Kenaikan itu jauh melampaui pertumbuhan rekening rupiah yang hanya 8,4%. Di sisi nominal, simpanan valuta asing juga meningkat menjadi Rp1.714,76 triliun atau naik 18,7% secara tahunan, sedangkan simpanan rupiah tercatat Rp8.615,16 triliun dengan pertumbuhan 12,4%.

DHE menjadi penopang utama pertumbuhan rekening valas

Ketua Umum Perbanas Hery Gunardi menilai arus dana DHE yang masuk ke bank Himbara cukup tinggi. Menurut dia, kondisi itu ikut mendorong pertumbuhan rekening valuta asing karena hasil ekspor kembali masuk ke sistem perbankan domestik.

Hery mengatakan selama DHE hasil ekspor kembali ke perbankan dan masuk melalui bank-bank Himbara, pertumbuhan rekening valas akan terus terdorong. Efeknya sudah terlihat pada lonjakan jumlah rekening USD dan kenaikan nominal simpanan valas secara keseluruhan.

Jenis SimpananNominal atau JumlahPertumbuhan Tahunan
Rekening USD8.918.054 rekening58,2%
Rekening RupiahData jumlah tidak disebutkan8,4%
Simpanan ValasRp1.714,76 triliun18,7%
Simpanan RupiahRp8.615,16 triliun12,4%

Aturan baru memperketat penempatan devisa

Pemerintah pada awal Juni 2026 memberlakukan PP No. 21/2026 tentang Perubahan Ketiga Atas PP No. 36/2023 mengenai DHE dari kegiatan pengusahaan, pengelolaan, dan atau pengolahan sumber daya alam. Aturan itu menggantikan PP No. 8/2025 yang dinilai kurang berdampak dalam mengamankan pasokan valas domestik, terutama saat cadangan devisa.

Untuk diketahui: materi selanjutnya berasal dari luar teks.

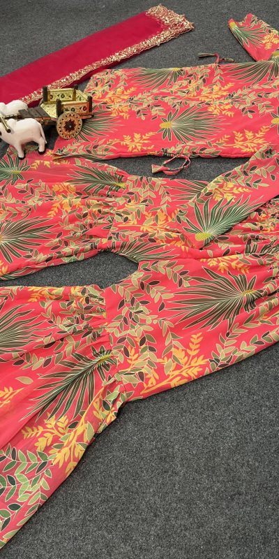 Work : Digital Print Palazzo Fabrics : Faux Georgette Palazzo inner : Micro fully stitched Palazzo Length : 40-41 Inch Dupatta Work : Embroidery sequins Cut work Dupatta Size : 2.3 Meter |

Beleid baru tersebut mewajibkan penempatan devisa di bank Himbara dengan skema retensi yang lebih ketat. Untuk industri migas, minimal 30% harus ditahan selama tiga bulan, sedangkan industri nonmigas wajib menahan 100% selama 12 bulan.

Selain itu, batas konversi DHE valas ke rupiah kini dibatasi maksimal 50%. Pembatasan ini membuat lebih banyak dana tetap berada di sistem perbankan dalam bentuk valuta asing dan ikut memperkuat tren kenaikan rekening dolar yang tercatat LPS.

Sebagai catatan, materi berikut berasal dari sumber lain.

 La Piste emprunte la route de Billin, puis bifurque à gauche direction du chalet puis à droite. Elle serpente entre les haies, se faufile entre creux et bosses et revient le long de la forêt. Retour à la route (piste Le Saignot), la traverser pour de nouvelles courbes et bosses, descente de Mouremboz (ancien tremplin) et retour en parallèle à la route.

Pergerakan ini menunjukkan bahwa kebijakan DHE bukan hanya memengaruhi aliran devisa ke bank, tetapi juga komposisi simpanan masyarakat dan pelaku usaha. Dengan penempatan dana yang lebih tertahan di perbankan domestik, porsi simpanan valas tercatat semakin menonjol di tengah pertumbuhan simpanan rupiah yang lebih moderat.

Data terbaru LPS dan penjelasan Perbanas memperlihatkan hubungan yang makin jelas antara pengetatan penempatan DHE dan lonjakan rekening valas. Di saat aturan baru mulai berjalan, bank-bank Himbara menjadi saluran utama yang menjaga devisa ekspor tetap berputar di dalam sistem keuangan nasional.